Author: Bruce Paterson
Published by Matador
ISBN: 9781789013 566

Review by Steve Hirschhorn

English from Afar is an odd ball! It has around 150 pages divided into 2 parts having 35 Chapters with titles such as: ‘Why Learn English’, ‘What is Communication’, ‘Do We Need to be Perfect?’, ‘Working an Audience’ and so on.

Book Review: English from Afar

It’s not a language learning book, it’s not designed to give advice to teachers, it’s not even a phrase book for learners, it’s something quite different and rather interestingly quirky! The author calls his book ‘a reference’ and notes that his approach to language learning focuses on the success of one’s communications rather than the syntactical accuracy or number of words a learner might have. In this, he is surely in line with many contemporary English language teachers.

Although Bruce Paterson describes this work as a reference, it’s difficult to pop in and out as one would expect with an actual reference book. It’s far too discursive, a story, a narrative, it’s ordered anarchy! I mean this in the nicest possible way; the fact is that once you start to read English from Afar, you’ll probably have to continue, rather like when reading a good novel, you’ll want to know where the author is going to take you next. In contrast, a reference book is something you pick up, look up and put down! The key really is that English from Afar has no list of references nor bibliography, and neither does it need them since it’s a book written from experience of life, professional know-how and a wealth of familiarity with all kinds of contexts.

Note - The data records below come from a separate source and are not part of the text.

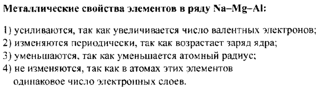 рис. 1. Изменение свойств элементов по горизонтали (по периодам) и вертикали (по группам) Причина изменения свойств также объясняется строением атомов химических элементов. Каждый период начинается элементом щелочным металлом (исключение – первый период), в атомах которых на внешнем энергетическом уровне имеются один s – электрон. Общая электронная формула строения внешнего энергетического уровня щелочных металлов ns1 , где n – номер периода. Каждый период заканчивается элементом благородным газом. В атомах элементов благородных газов на внешнем энергетическом уровне имеются два s - и шесть p -электронов. Общая электронная формула строения внешнего энергетического уровня благородных газов ns2 np6 , где n - номер периода (исключение: гелий He - ns2 ). Период - это горизонтальная последовательность элементов по возрастанию порядкового (атомного) номера элемента, атомы которых имеют одинаковое число энергетических уровней, численно равное номеру периода . В периодах металлические свойства уменьшаются, а неметаллические свойства увеличиваются. В больших периодах изменения свойств происходят медленнее, что объясняется появлением десяти d -элементов (4-й, 5-й периоды) и четырнадцати f -элементов (6-й, 7-й периоды). По группам (в главных подгруппах) металлические свойства увеличиваются, а неметаллические уменьшаются. Группа - это вертикальная последовательность элементов по возрастанию порядкового (атомного) номера, обладающая схожими свойствами. Главная подгруппа - это вертикальная последовательность s- и p-элементов с одинаковым числом электронов на внешнем энергетическом уровне, равным номеру группы. Побочная подгруппа - это вертикальная последовательность d- и f-элементов, которые имеют одинаковое суммарное количество валентных электронов. Следовательно, возможна третья формулировка Периодического закона, которая отражает причину периодического изменения свойств. Свойства химических элементов и образованных ими соединений находятся в периодической зависимости от строения внешних энергетических уровней атомов. Изменение свойств элементов по диагонали Под диагональной периодичностью понимают повторяемость сходства химических свойств простых веществ и соединений элементов, расположенных по диагонали друг от друга. Диагональ из левого верхнего угла к нижнему правому объединяет отчасти сходные элементы. Это объясняется приблизительно одинаковым увеличением неметаллических свойств в периодах и металлических свойств в группах.
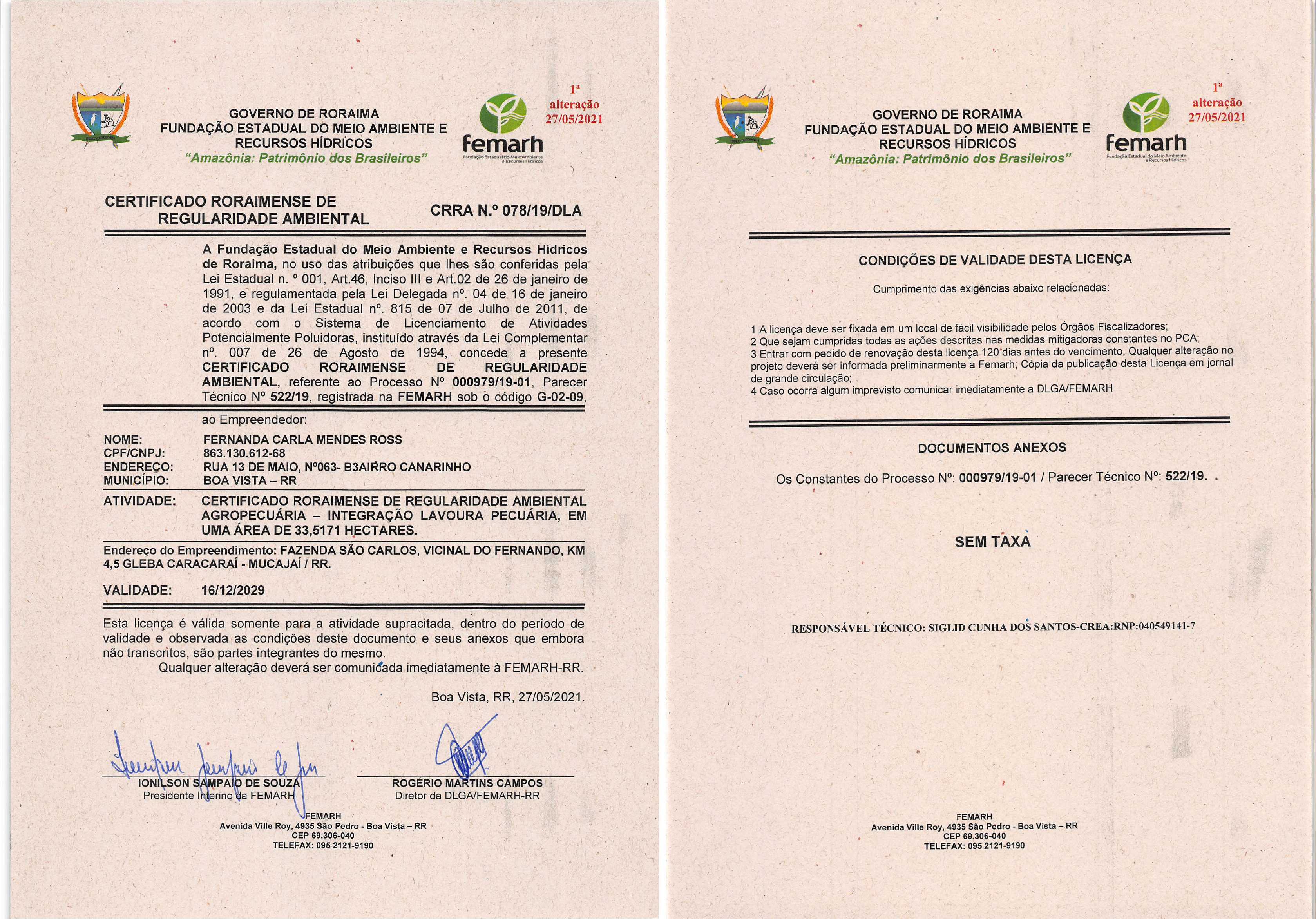 Certificado Roraimense de Regularidade Ambiental - CRRA Nº 078/19/DLA
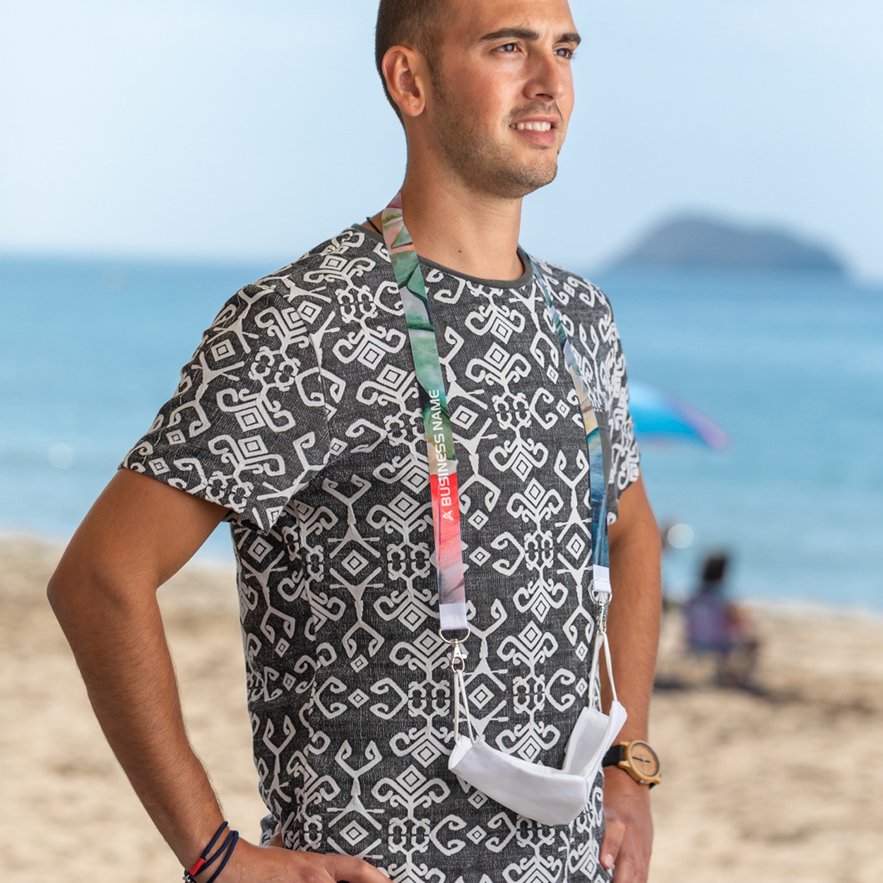 Lanyard pentru masca faciala, din poliester, cu doua carabine din metal.
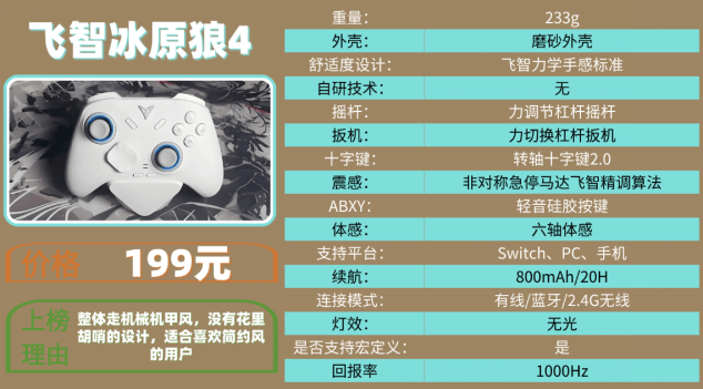 ◉手柄外形借鉴Xbox,但握持做了弧度优化,整体重量和手感都比较平衡。它最大的亮点是摇杆:2000级分辨率、多次采样校准、自动调整归中、零死区,加上可替换高度的摇杆帽,精准度和微操体验都非常亮眼。按键给到四个可自定义键(大背键+肩键),能映射技能、连发、宏操作,对射击、动作都很友好。扳机是可切换行程设计,长、短行程都能适配对应玩法,反馈干脆。再加上2.4G低延迟音频和3.5mm耳麦支持,在听声辨位和竞技反馈上的反应是比较及时的。
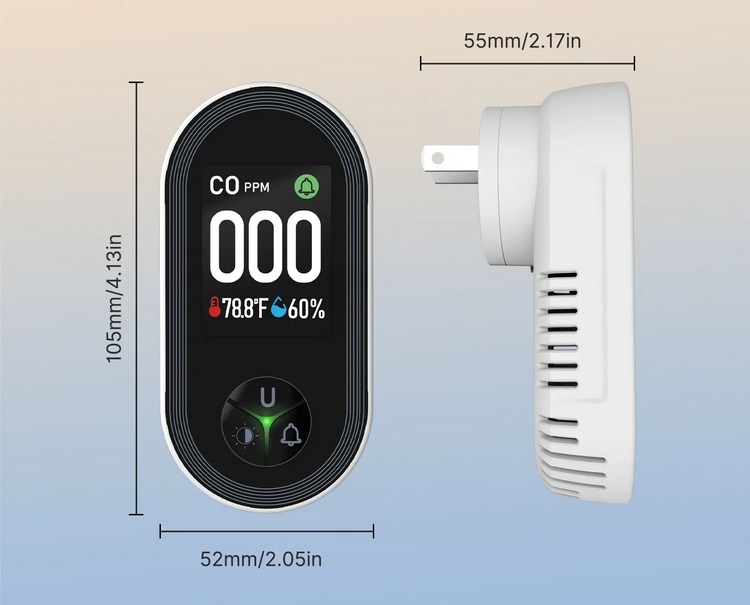 - Прозрачный цифровой дисплей с интуитивно понятными кнопками для переключения температурных единиц, вращения экрана и регулировки яркости. Компактная конструкция заглушки для легкой установки в стенке, а также вентиляционные отверстия и индикаторы, обеспечивающие надежное обнаружение и предупреждение, что.
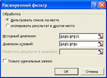 При желании, можно задать также диапазон ячеек, куда следует помещать результаты фильтрации, если вы не хотите фильтровать список на месте. Имеется также возможность отображать в результатах только уникальные записи. То есть, если таблица содержит множество повторяющихся записей, то результат будет содержать только по одному экземпляру от каждой. Для снятия расширенного фильтра нужно выбрать в меню Данные опции Фильтр и Отобразить все .
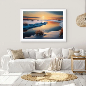 Plagát v bielom ráme - Zimný západ slnka - 100x70 cm
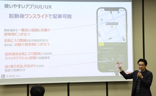 タクシーアプリ「S.RIDE」とは、ソニーグループとタクシー事業者のジョイントベンチャーが提供している、ソニーのAI/IT技術と決済システムが組み込まれたタクシー事業者と共同運営しているアプリケーションです。東京を中心とした都市圏の、タクシーのヘビーユーザによく使われておりであり、時間を効率的に使いたい多忙なビジネスパーソンと、法人契約をターゲットにしたタクシーアプリ配車サービスです。
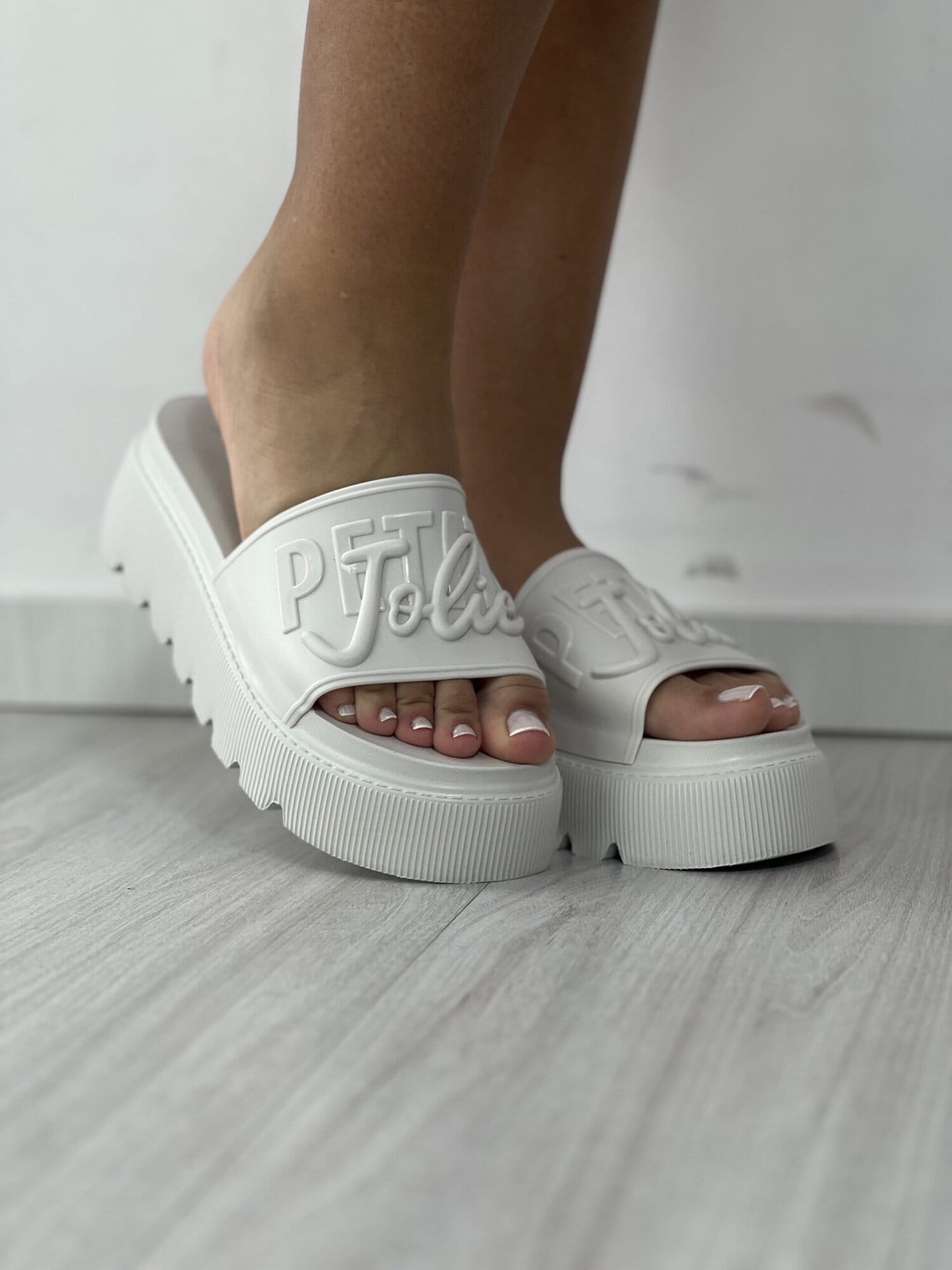 O novo slide da Petite Jolie conta com o solado de plataforma, levemente tratorado e com design esportivo. O chinelo Ray segue a tendência da logomania estilizada na única tira sobre o peito do pé. Proporciona o máximo de conforto durante todo o dia. Solado produzido em J-Flow, garantindo leveza, maciez e conforto para os pés. Garanta o seu!
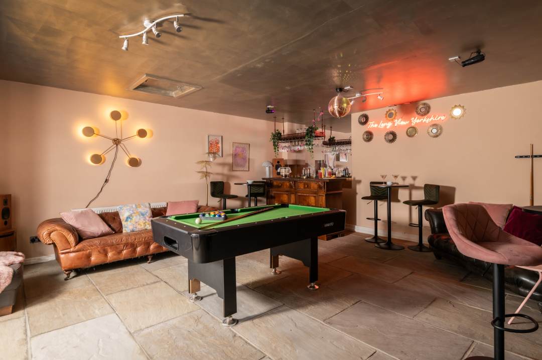 The Long View Yorkshire is so good that you may choose not to go anywhere but to stay and enjoy the surroundings that include woodland and wild pastures, as well as lawn and patios. There's a games room with pool table, bar and disco ball, board games and a games console, and two additional living rooms with large smart TVs. There's an outdoor table tennis table in summer. Bookings are available all year round, with short breaks possible.
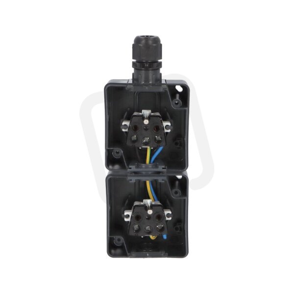 ATLAS 2K IP65 Zásuvka 2x 2P+PE, 2-násobná svislá s vývodkou M20, na povrch, antracitová
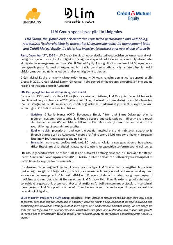 Como socio financiero y estratégico de los directivos desde hace más de seis décadas, Unigrains ha aportado su experiencia y su valor añadido a más de 1000 empresas y gestiona actualmente 964 millones de euros
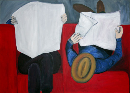 Die Zeitungsleser, 150 x 100 cm, Acryl auf Leinwand
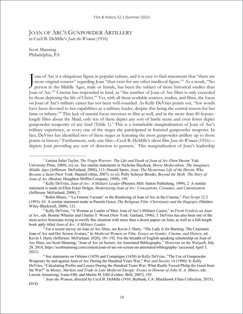 “Joan of Arc’s Gunpowder Artillery in Cecil B. DeMille’s Joan the Woman (1916),” Film & History: An Interdisciplinary Journal 51.1 (2022): 18-31.
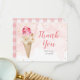 Cartão de agradecimento Sorvete Pink Blush Bridal Shower Glitter Dourado
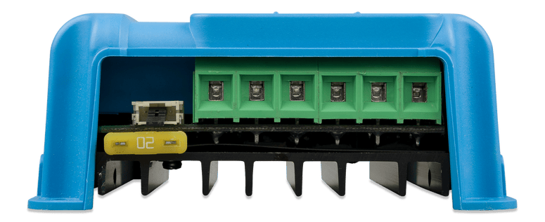 Detailed front view of the Victron controller terminal section, fuse, and cooling fins
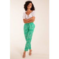 Lightweight and soft trousers with an elasticated waist for extra comfort. | Blue Vanilla Women's Leaf Print Capri Trousers in Green | Size: Small - Manufacturers part number: Blue Vanilla_5052868577366
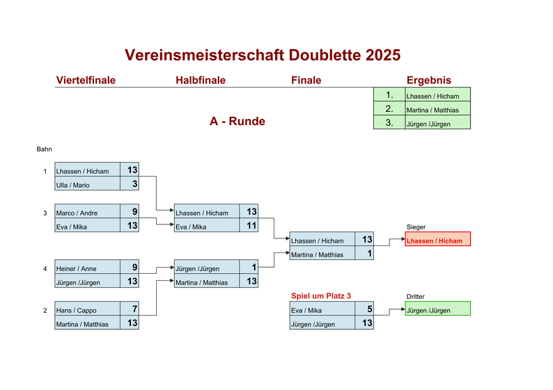 Das Paarturnier 2025 war ein voller Erfolg, und wir freuen uns bereits auf das nächste Turnier. Wir danken allen Teilnehmerinnen und Teilnehmern für ihre Teilnahme und wünschen ihnen viel Spaß und Erfolg bei zukünftigen Turnieren. Wir freuen uns darauf, nächstes Jahr wieder zusammenzukommen und neue Freundschaften zu schließen.
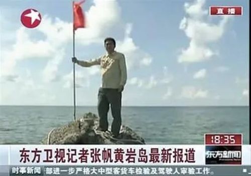 相关照片曝光后,引发了全中国的愤怒,中国记者立刻登上黄岩岛,插上中国国旗。

Let’s take a chapter or two at random and see what awaits us therein.

The first chapter I arrived at is called ‘Inference’. It is a very short chapter indeed and promotes the notion that we need to learn to ‘infer’ when we meet an L2 term we don’t know and that indeed that’s what we do in L1 in any case. That we train ourselves to glean meaning from the context around previously unknown items seems to be good advice, something all learners can benefit from. For this reason, it might have been useful to offer some tips and tricks to guide learners on inference strategies. The logic required for inference to work combines with the confidence to allow oneself to take a risk and assume one is right while also seeking evidence for one’s inference later in the discourse, whether spoken or written. The author doesn’t touch on this and my feeling is that it might have been useful for readers to receive a little more direction in order to hone their skills.

The second chapter selected at random was Chapter 32, entitled: Humour. It is quite well known and perhaps axiomatic that using humour in an L2 is difficult and full of potential danger since there are cultural differences as well as the obvious difficulty of finding the right words! Bruce Paterson explains this admirably, even managing to work in a couple of amusing anecdotes as illustrations. He makes the valid points that using humour whether in L1 or L2 requires skill in terms of timing, linguistic aptitude and the ability to gauge one’s audience all of which should be managed with extreme care to avoid potential embarrassment and abject failure!

This almost uncategorisable work is well written, amusing, engaging and informative. My feeling is that teachers will enjoy it since it reflects much of what they encounter on a day to day basis; language learners will also enjoy it because it offers well established advice based on the author’s considerable experiences as a learner and teacher. As such, this book would make a great present and an amusing ‘hand-around’ for a school staff room.